- Opening Delimiter -
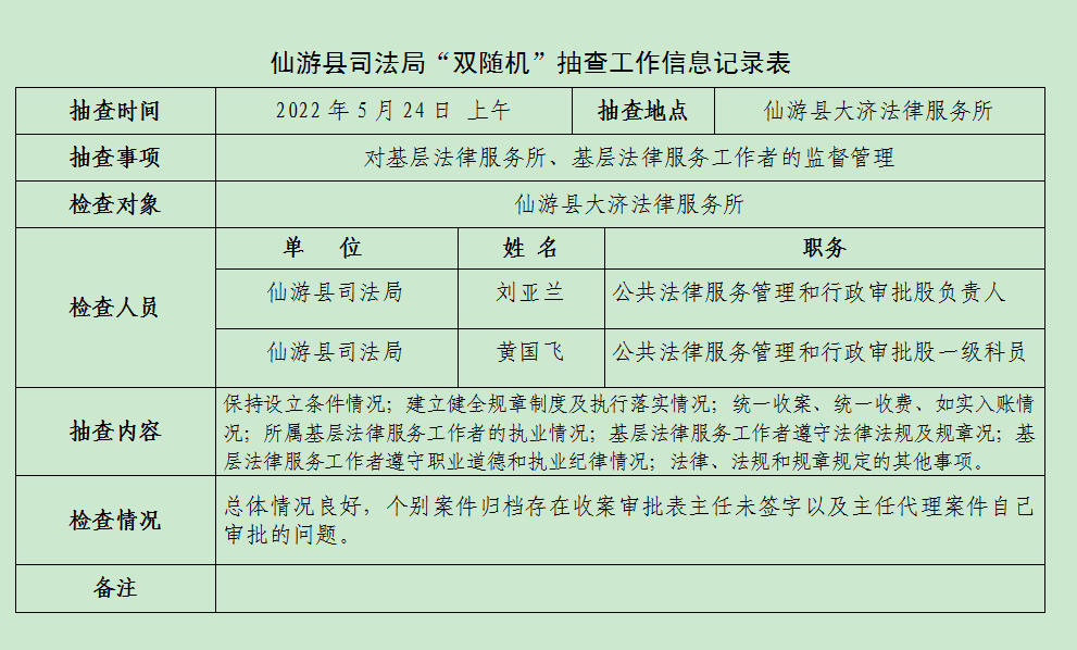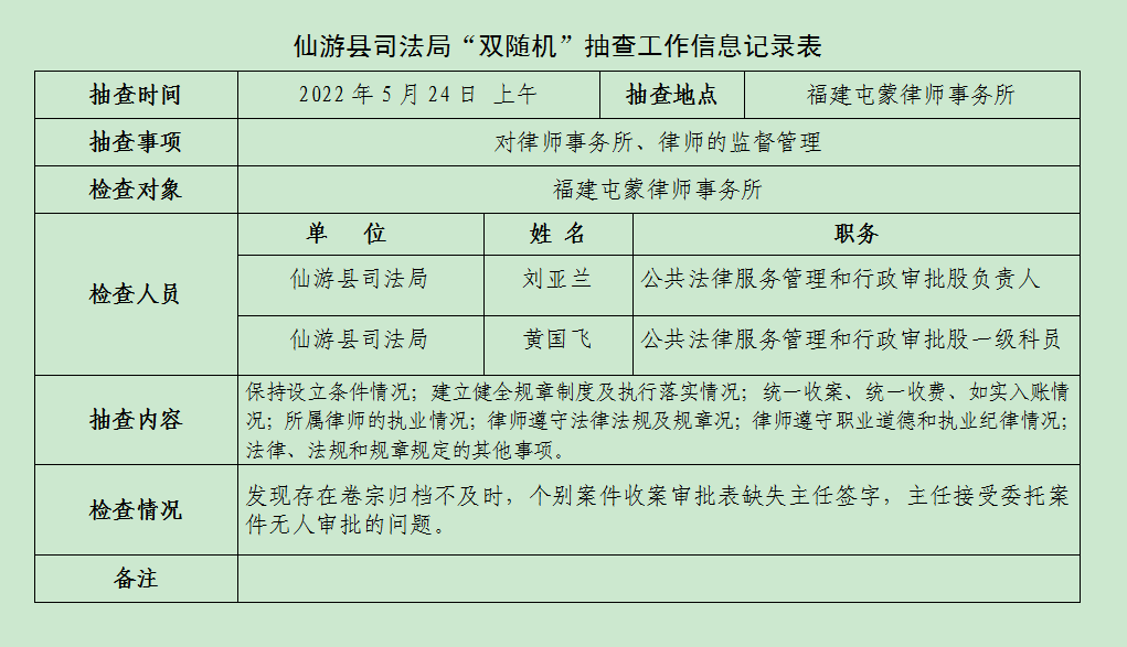 根据《仙游县司法局2018年“双随机”抽查实施方案》(仙司〔2018〕7号)文件精神,县司法局按照“双随机”原则抽签确定检查人员和检查对象,于5月24日上午组织局工作人员对福建屯蒙律师事务所上半年的内部管理及法律律师执业情况进行随机抽查,采取实地查看、查阅档案资料等方法,检查结果是:该所按照能《律师事务所管理办法》相关要求,规范执业,但发现其存在卷宗归档不及时,个别案件收案审批表缺失主任签字,主任接受委托案件无人审批的问题。于5月24日上午对仙游县大济法律服务所2022年上半年的内部管理及法律服务工作者执业情况进行全面检查,检查结果是:该所按照能《基层法律服务所管理办法》相关要求,规范执业,总体情况良好,个别案件归档存在收案审批表主任未签字以及主任代理案件自己审批的问题。
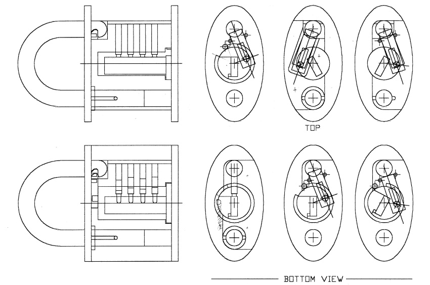 There are some drawings down further that describe the operation of the critical parts of the padlock.
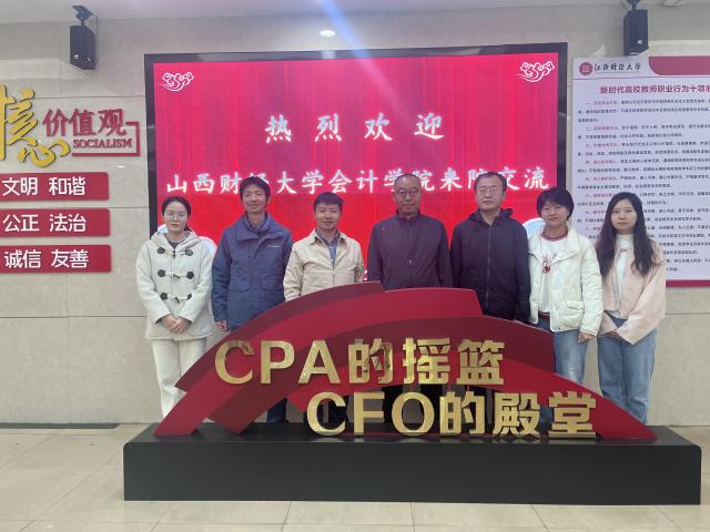 1120日上午,山西财经大学会计学院副院长田岗一行来会计学院调研交流。山西财经大学会计学院财务会计系主任王晓亮,专任教师王婉婷、李晓艳参加调研。江西财经大学会计学院副院长熊凌云、研工办主任曾海龙、研究生辅导员蒋博斌参会。
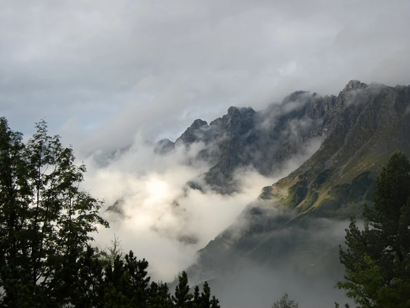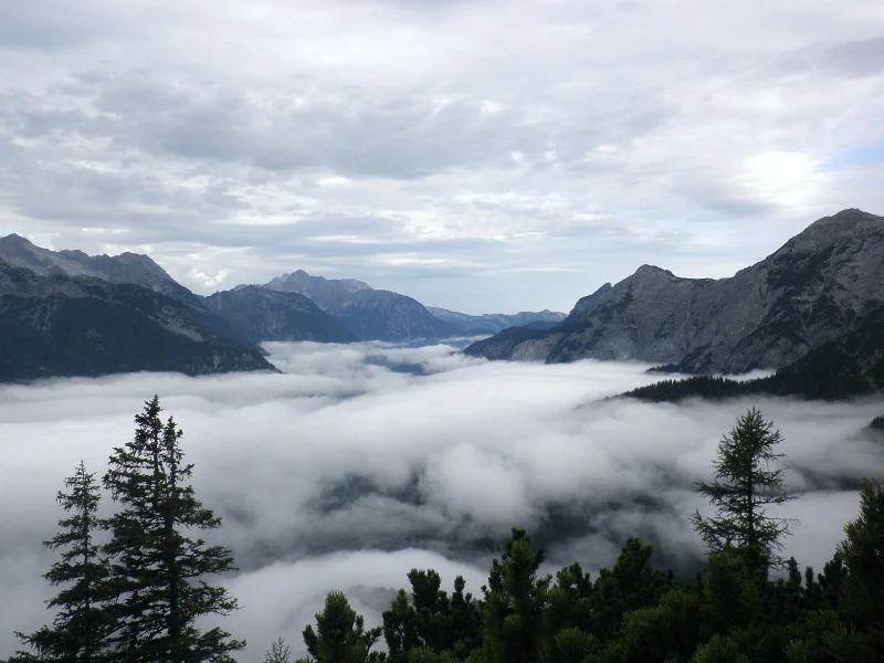 Zamračené údolí řeky Saalach, vzadu Ochsenhorn
- Closing Delimiter -
### DIRECTIONS FOR THIS TASK
Pictures must not appear in the copy, which must otherwise match the listing exactly.

### ANSWER TO THIS PROBLEM
 根据《仙游县司法局2018年“双随机”抽查实施方案》(仙司〔2018〕7号)文件精神,县司法局按照“双随机”原则抽签确定检查人员和检查对象,于5月24日上午组织局工作人员对福建屯蒙律师事务所上半年的内部管理及法律律师执业情况进行随机抽查,采取实地查看、查阅档案资料等方法,检查结果是:该所按照能《律师事务所管理办法》相关要求,规范执业,但发现其存在卷宗归档不及时,个别案件收案审批表缺失主任签字,主任接受委托案件无人审批的问题。于5月24日上午对仙游县大济法律服务所2022年上半年的内部管理及法律服务工作者执业情况进行全面检查,检查结果是:该所按照能《基层法律服务所管理办法》相关要求,规范执业,总体情况良好,个别案件归档存在收案审批表主任未签字以及主任代理案件自己审批的问题。
 There are some drawings down further that describe the operation of the critical parts of the padlock.
 1120日上午,山西财经大学会计学院副院长田岗一行来会计学院调研交流。山西财经大学会计学院财务会计系主任王晓亮,专任教师王婉婷、李晓艳参加调研。江西财经大学会计学院副院长熊凌云、研工办主任曾海龙、研究生辅导员蒋博斌参会。
 Zamračené údolí řeky Saalach, vzadu Ochsenhorn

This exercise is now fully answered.